● **PROMPT**
Write out the data exactly, please, and omit the pictures.

● **DATA**
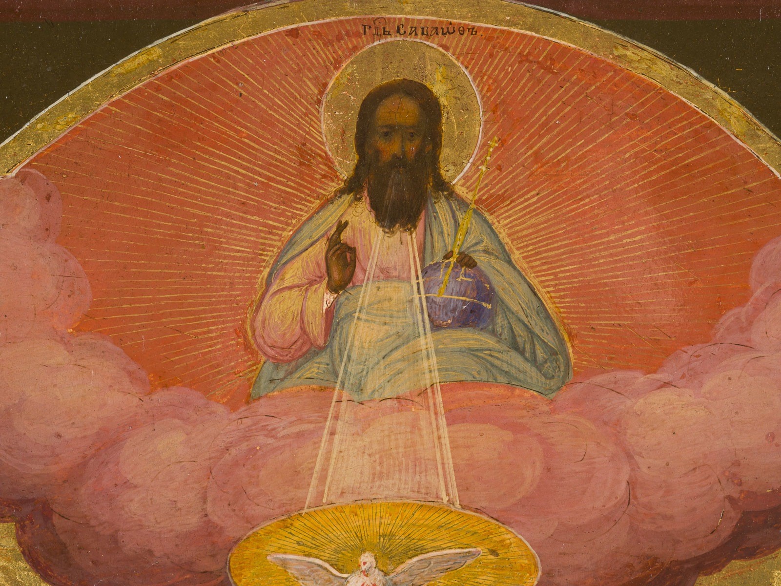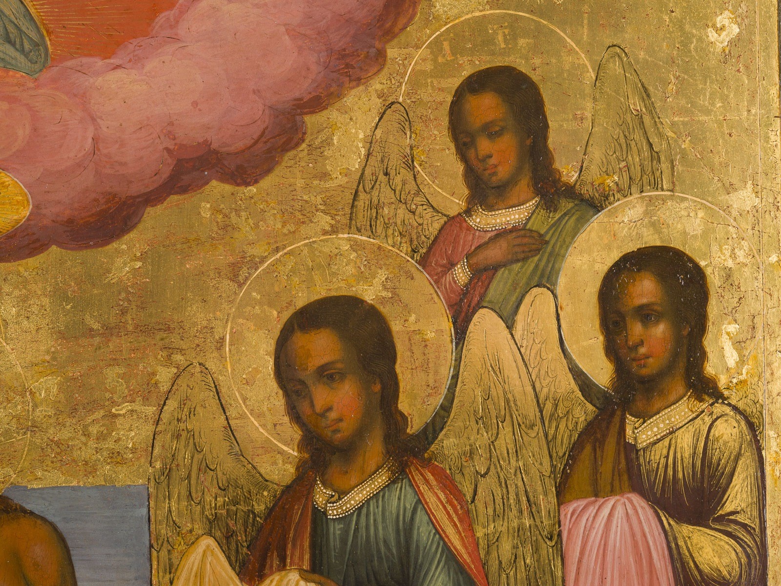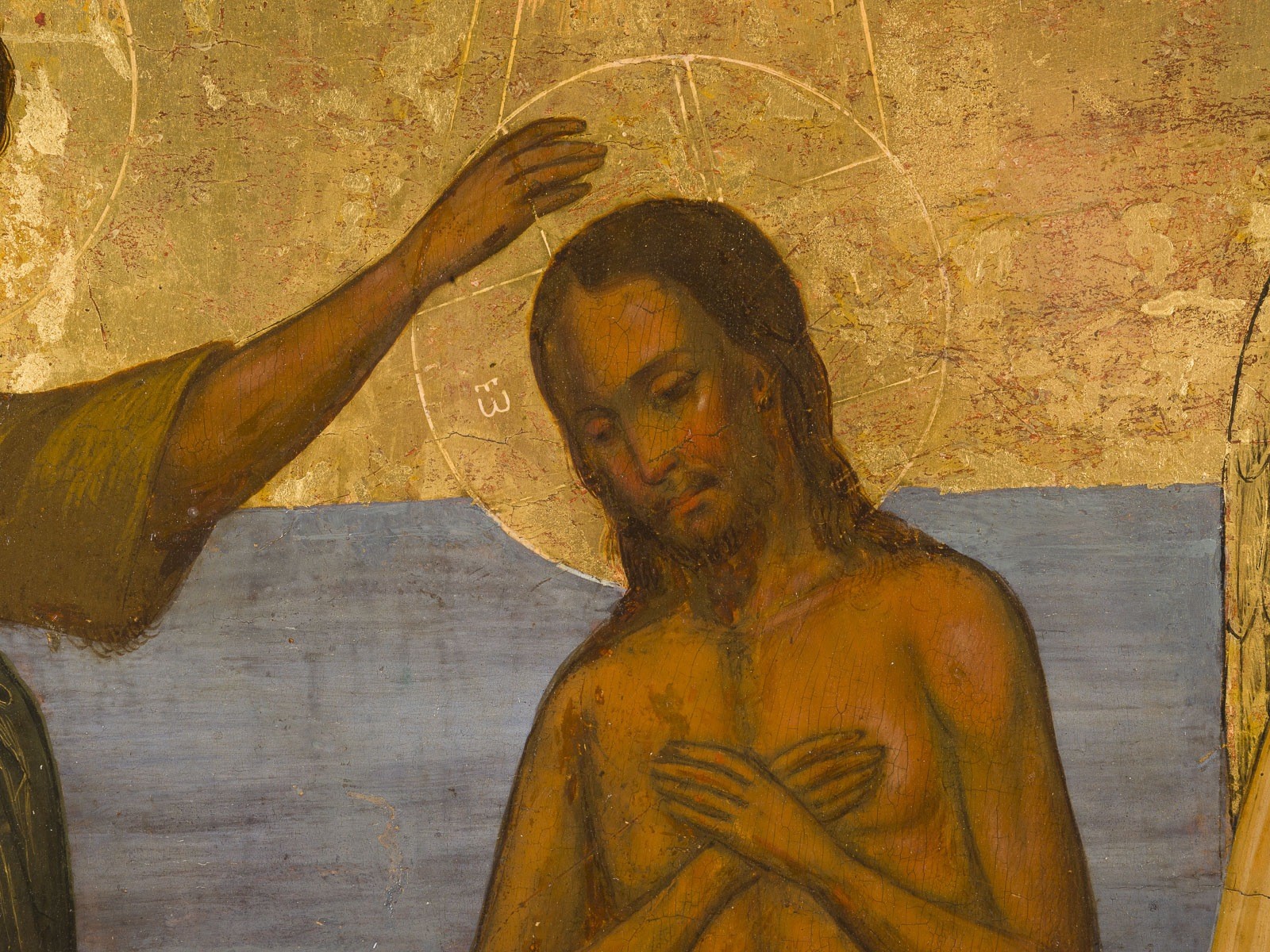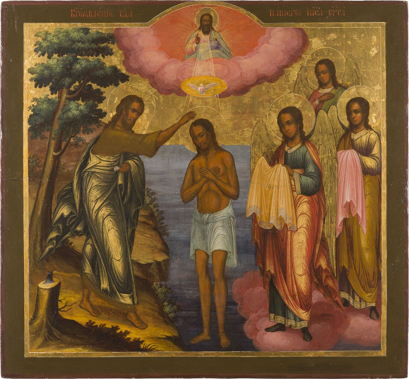 A VERY LARGE AND FINE ICON SHOWING THE BAPTISM OF CHRIST FROM A CHURCH ICONOSTASIS Russian, mid-19th century Tempera on wood panel. The haloes and background made of gold. The garment folds emphasised with strong gold striations. Minor areas of retouching. 52.8 x 57.2 cm.
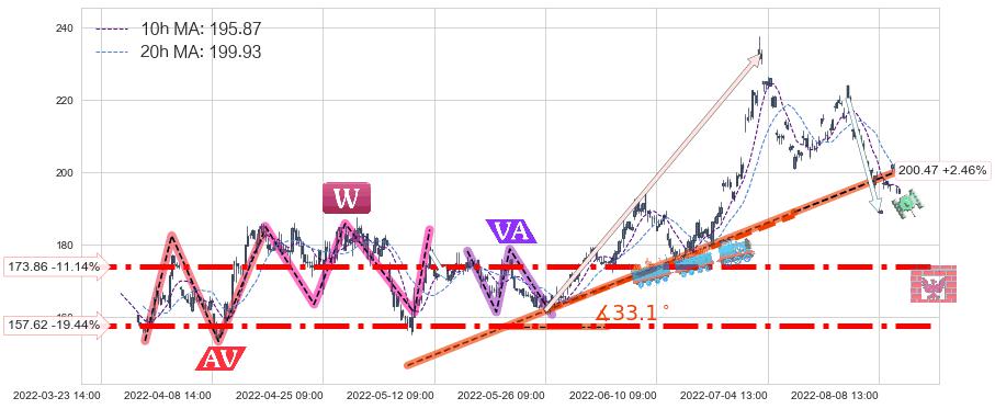 ➣ 2022-05-09 13:00-2022-07-12 13:00上升趋势存在反转[风险],虽然原上升趋势的支撑位(200.47)已破位,但其支撑效果尚存,原上升趋势角度: 33.1˚
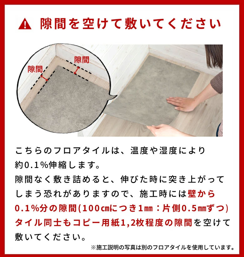 ・表面は多少水をはじきますが、タイルのつなぎ目部分は水が染み込みますので、水などをこぼされた場合はすぐに拭き取ってください。
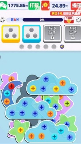 3、红包奖励成长体系:通过成功通关,玩家可以积累虚拟金币与红包奖励。达到一定额度即可提现,这种“动脑赚钱”的轻量化设计,为传统的消除游戏增添了持续游玩的额外动力。

● **FINISHED EXERCISE**
 A VERY LARGE AND FINE ICON SHOWING THE BAPTISM OF CHRIST FROM A CHURCH ICONOSTASIS Russian, mid-19th century Tempera on wood panel. The haloes and background made of gold. The garment folds emphasised with strong gold striations. Minor areas of retouching. 52.8 x 57.2 cm.
 ➣ 2022-05-09 13:00-2022-07-12 13:00上升趋势存在反转[风险],虽然原上升趋势的支撑位(200.47)已破位,但其支撑效果尚存,原上升趋势角度: 33.1˚
 ・表面は多少水をはじきますが、タイルのつなぎ目部分は水が染み込みますので、水などをこぼされた場合はすぐに拭き取ってください。
 3、红包奖励成长体系:通过成功通关,玩家可以积累虚拟金币与红包奖励。达到一定额度即可提现,这种“动脑赚钱”的轻量化设计,为传统的消除游戏增添了持续游玩的额外动力。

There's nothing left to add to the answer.